▸ Your assignment
Report each line of the data that includes the word "with".

▸ Records provided
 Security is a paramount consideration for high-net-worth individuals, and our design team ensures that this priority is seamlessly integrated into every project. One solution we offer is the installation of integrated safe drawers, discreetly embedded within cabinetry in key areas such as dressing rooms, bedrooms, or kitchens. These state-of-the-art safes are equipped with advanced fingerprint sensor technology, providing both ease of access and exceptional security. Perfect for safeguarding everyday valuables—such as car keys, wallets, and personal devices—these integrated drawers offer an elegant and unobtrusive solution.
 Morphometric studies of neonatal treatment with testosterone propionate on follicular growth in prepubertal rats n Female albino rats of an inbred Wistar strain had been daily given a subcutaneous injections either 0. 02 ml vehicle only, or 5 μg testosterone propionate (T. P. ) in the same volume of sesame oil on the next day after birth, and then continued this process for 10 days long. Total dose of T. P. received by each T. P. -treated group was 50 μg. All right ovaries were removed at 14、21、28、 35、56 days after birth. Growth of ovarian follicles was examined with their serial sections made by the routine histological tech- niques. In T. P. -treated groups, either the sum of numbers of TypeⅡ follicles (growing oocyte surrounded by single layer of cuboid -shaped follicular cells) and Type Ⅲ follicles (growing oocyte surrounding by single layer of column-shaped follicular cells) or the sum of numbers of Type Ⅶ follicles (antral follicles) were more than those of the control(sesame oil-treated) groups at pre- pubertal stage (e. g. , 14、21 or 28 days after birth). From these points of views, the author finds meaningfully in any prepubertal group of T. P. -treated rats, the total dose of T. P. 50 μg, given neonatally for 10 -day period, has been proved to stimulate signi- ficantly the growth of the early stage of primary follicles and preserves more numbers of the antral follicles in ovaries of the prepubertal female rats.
--
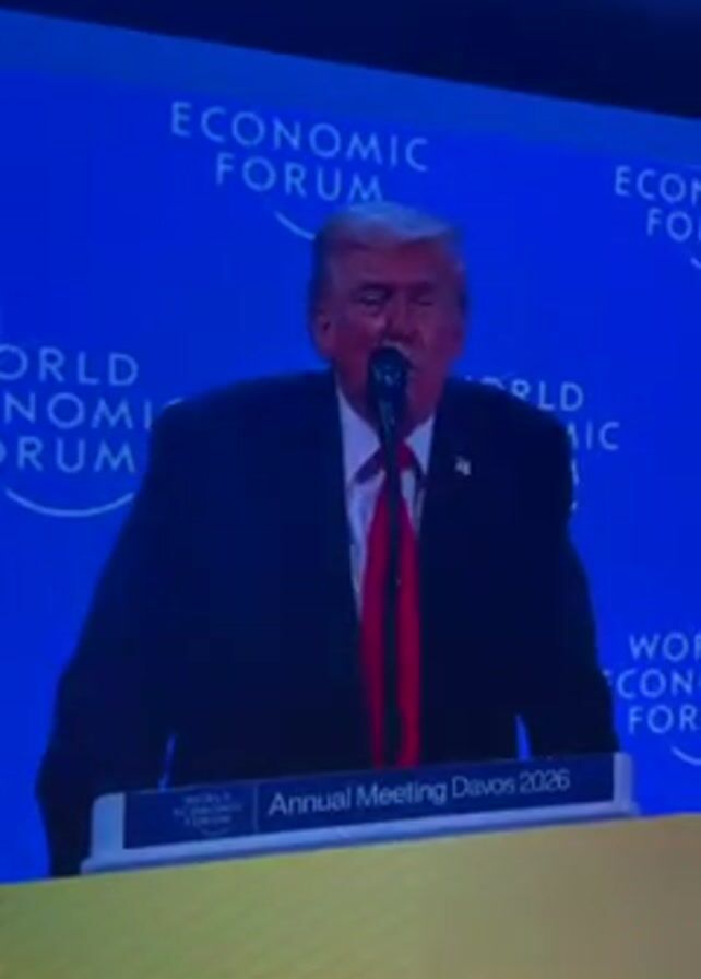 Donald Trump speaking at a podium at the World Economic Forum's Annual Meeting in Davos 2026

▸ Reply to the exercise
 Security is a paramount consideration for high-net-worth individuals, and our design team ensures that this priority is seamlessly integrated into every project. One solution we offer is the installation of integrated safe drawers, discreetly embedded within cabinetry in key areas such as dressing rooms, bedrooms, or kitchens. These state-of-the-art safes are equipped with advanced fingerprint sensor technology, providing both ease of access and exceptional security. Perfect for safeguarding everyday valuables—such as car keys, wallets, and personal devices—these integrated drawers offer an elegant and unobtrusive solution.
 Morphometric studies of neonatal treatment with testosterone propionate on follicular growth in prepubertal rats n Female albino rats of an inbred Wistar strain had been daily given a subcutaneous injections either 0. 02 ml vehicle only, or 5 μg testosterone propionate (T. P. ) in the same volume of sesame oil on the next day after birth, and then continued this process for 10 days long. Total dose of T. P. received by each T. P. -treated group was 50 μg. All right ovaries were removed at 14、21、28、 35、56 days after birth. Growth of ovarian follicles was examined with their serial sections made by the routine histological tech- niques. In T. P. -treated groups, either the sum of numbers of TypeⅡ follicles (growing oocyte surrounded by single layer of cuboid -shaped follicular cells) and Type Ⅲ follicles (growing oocyte surrounding by single layer of column-shaped follicular cells) or the sum of numbers of Type Ⅶ follicles (antral follicles) were more than those of the control(sesame oil-treated) groups at pre- pubertal stage (e. g. , 14、21 or 28 days after birth). From these points of views, the author finds meaningfully in any prepubertal group of T. P. -treated rats, the total dose of T. P. 50 μg, given neonatally for 10 -day period, has been proved to stimulate signi- ficantly the growth of the early stage of primary follicles and preserves more numbers of the antral follicles in ovaries of the prepubertal female rats.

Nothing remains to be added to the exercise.